Wednesday, October 6, 2010

It's In The Bag

My husband has been carrying the same briefcase to work since Noah disembarked. To call it a briefcase is actually inaccurate - it's more what would happen if a briefcase and a duffel bag decided to mate. There's nothing wrong with it, if you discount the fact that for a while now, he's had to pin parts of it back together lest the entire thing explode all over the bus he takes to work.

He asked me to help him buy a new bag, and honestly, I don't know why he did that at all. I'll explain.

My husband (and his parents before him) are poster children for reverse elitism. The very presence of a high end label on an item earns his immediate disdain. Should another person be able to ballpark your financial status based on anything you own, you are trite and showy. These are people who come from people who darned socks, back when people actually darned socks, and would still be darning socks if any of the socks manufactured today were worth the effort of darning. The point is not to appear impoverished, it's to appear neutral. Bland. Unnoticeable. Stand in the back of the room in your Land's End khakis and do not call attention to yourself, please.

Then there is me.

There is not a label I do not adore. My parents tended to shun labels, too, for entirely different reasons, chief of which was my mother's mantra of not making rich people richer. Why buy a concert ticket? That singer is already rich enough. Why wear some woman's name on your butt? She's rich enough. No need to make rich people even richer, ever, despite my being pretty sure that someone was made more financially stable by our Sears Toughskins purchases, so the entire point was moot.

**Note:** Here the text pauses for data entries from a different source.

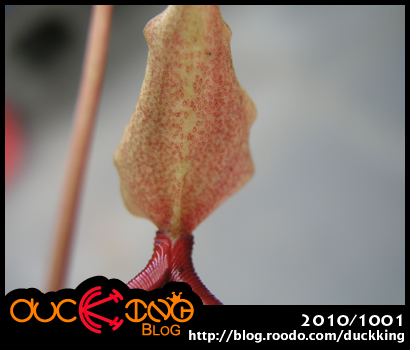 每次小鴨在花市擺攤的時候…都會聽到有民眾說豬籠草的瓶蓋會蓋起來的言論…其實豬籠草的瓶蓋是不會蓋上的…她們有兩個功能,其一就是分泌蜜汁吸引昆蟲,在捕蟲瓶的頂蓋上有著無數的細小紅點…這些是用來分泌蜜汁吸引昆蟲的蜜腺,其二就是用來遮蔽雨水落入袋中而沖淡消化液,所以囉~當昆蟲來吸食蜜汁不小心跌落捕蟲瓶中時…瓶蓋是『不會』有任何閉合的動作喔!這點一直是很容易被大家所誤會的啦~呱哈!
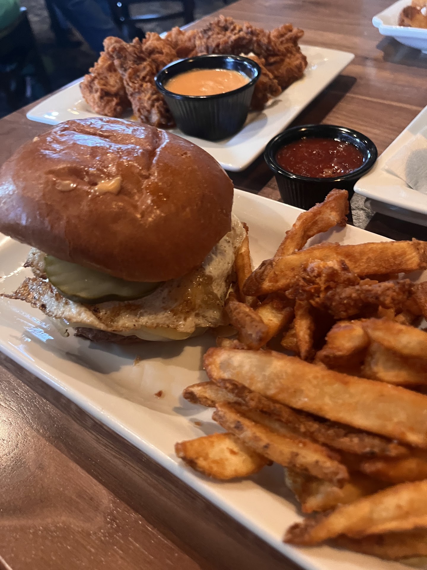 Read moreToday was our second visit to BRU Bloomington and we had better burgers this time. The milk butter chicken tenders were so good; the batter was seasoned (to me a bit salty but my partner found it okay) but not thick nor dense. Probably the best in town. I had the bison burger which was delicious with a hint of blue cheese (no cheese curbs tho). The bison patty was a bit dry but still okay. The mayo sauce did not save the dryness; rather it made the burger just slightly greasy. He had a double bacon burger and we both liked it. In the last visit I had a lamb burger which I preferred over the bison even though the bison patty was thicker/bigger. The mushroom and Swiss burger was horrible. SO salty. We did not know if it was cooked by a different chef or they thought it should be that salty. The service was better this time; last time the waitress put the sides on the wrong plate. It's not a big deal but just a sign of lack of attention. Overall, we like this restaurant and our final verdict relies on the...
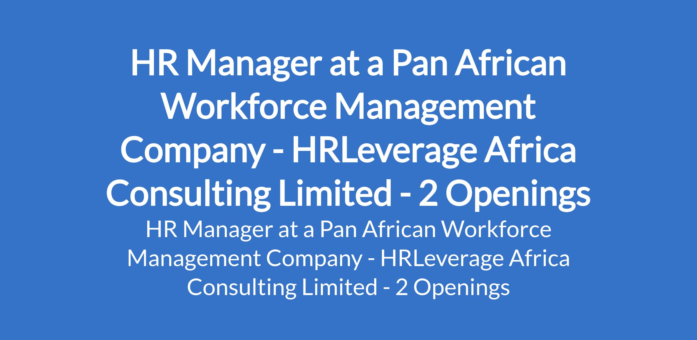 HRLeverage Africa Consulting Limited - Our client, a Pan African Workforce Management company is recruiting to fill the position of: HR Manager. The position is located in Abuja (FCT) and Lagos State. Interested candidates should possess a Bachelors Degree in Human Resources, Industrial Relations, Business Administration, or a related field, MBA or MSc. HRM is an advantage, with 6 8 years of progressive HR experience.
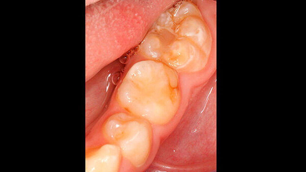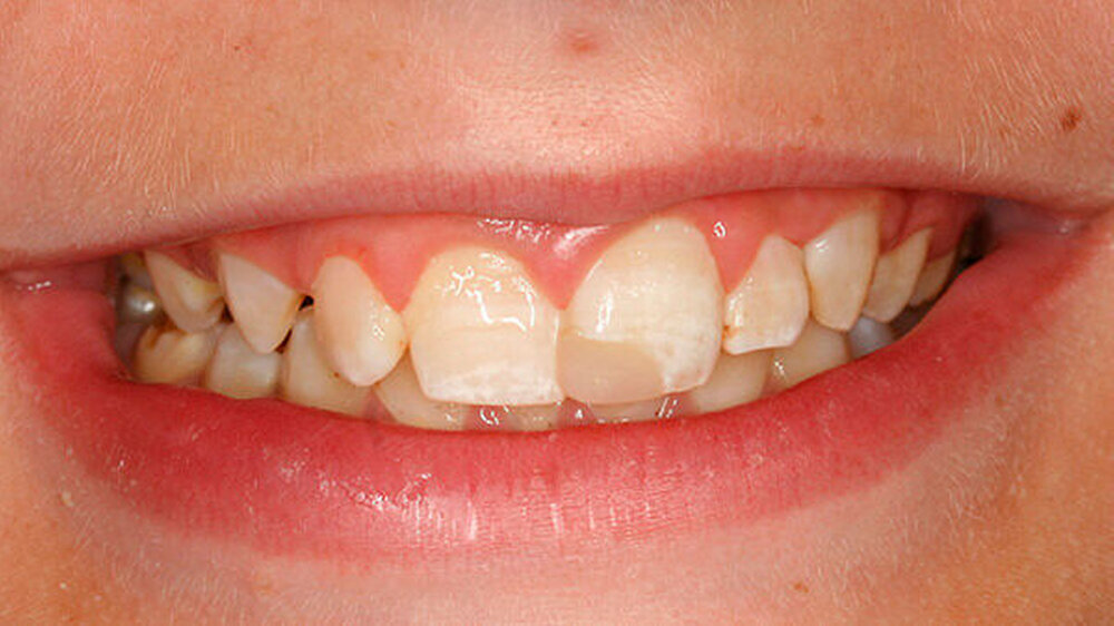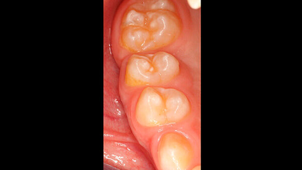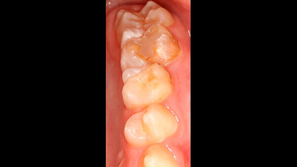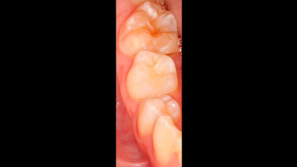 Der 13-jährige Patient stellte sich mit einer Überweisung und Bitte um Zweitmeinung vor. Die Mutter berichtete, dass vor einigen Jahren eine Schmelzanomalie diagnostiziert worden sei. Dies sei dadurch aufgefallen, dass einer der neu durchbrechenden Backenzähne sehr schnell eine Karies bekommen hätte. Dieses zog eine so umfangreiche Behandlung nach sich, so dass man dazu geraten habe, den Zahn lieber zu extrahieren. Die Extraktion sei auch kurz darauf erfolgt.

This upbringing (you know, the one in which I suffered because my parents insisted if I wanted Jordache jeans enough, I'd work to buy them myself. Whatev) caused me to look upon a designer label the way some women might gaze at their children. The highlight of my shopping life will occur when, one day, I am the owner of what I consider to be one of the holy grails of labels: a Chanel suit. With the weighted chain in the hem. Tailored by some fussy woman with a measuring tape around her neck. It will be beige, I think, and I will have nowhere to wear it, but it will hang in my closet, glorious, magnificent, labeled.

So when my husband asked my opinion on briefcases, I do not for the life of me understand why he would think the word Samsonite would ever trip across my tongue. Or JCPenney. Or, heaven forbid, Target (where I spend as much money as anyone else on reasonably priced items that I use to accent the thrift store designer labels I buy. I do live in reality).  No, I immediately polled a bunch of men until I unearthed what was considered to be one of the best labels in luggage, ever, ever ever, and I went out and bought that.

Yeah, so, the best label in luggage, ever, did not think to put a handle on their briefcase. It sat in the corner of our bedroom, while the duct taped duffel briefcase hybrid went off to work each morning. After a couple of weeks I asked why.

"It doesn't have a handle, what's up with that?" He wanted me to send it back. He wanted me, a bona fide label addict, to pick up that beautiful bag (well, it's rather plain, but the label inside? Is gorgeous) and send it back. Admit defeat. I couldn't do it. I haughtily informed my husband that I would carry the bag myself, thankyouverymuch, and me and my ultra cushioned laptop would enjoy it immensely. So there.

For about a week I floated into work with the bag on my shoulder, label side out, naturally, so pleased with my designer briefcase and the way it knocked against my designer handbag that my head could barely fit through the doorway. And then, well, the second week, the aura wore off, because...

...it doesn't have a handle.

It has a shoulder strap, which is great, but entirely inconvenient. I didn't realize the lack of handle would mean so much. I definitely need another bag altogether. And as soon as I muster up two ounces of humility, I will explain to my husband why I am selling the handle free designer bag on eBay and going out shopping for something more practical.

Which still won't be a Samsonite. I mean, work with me here.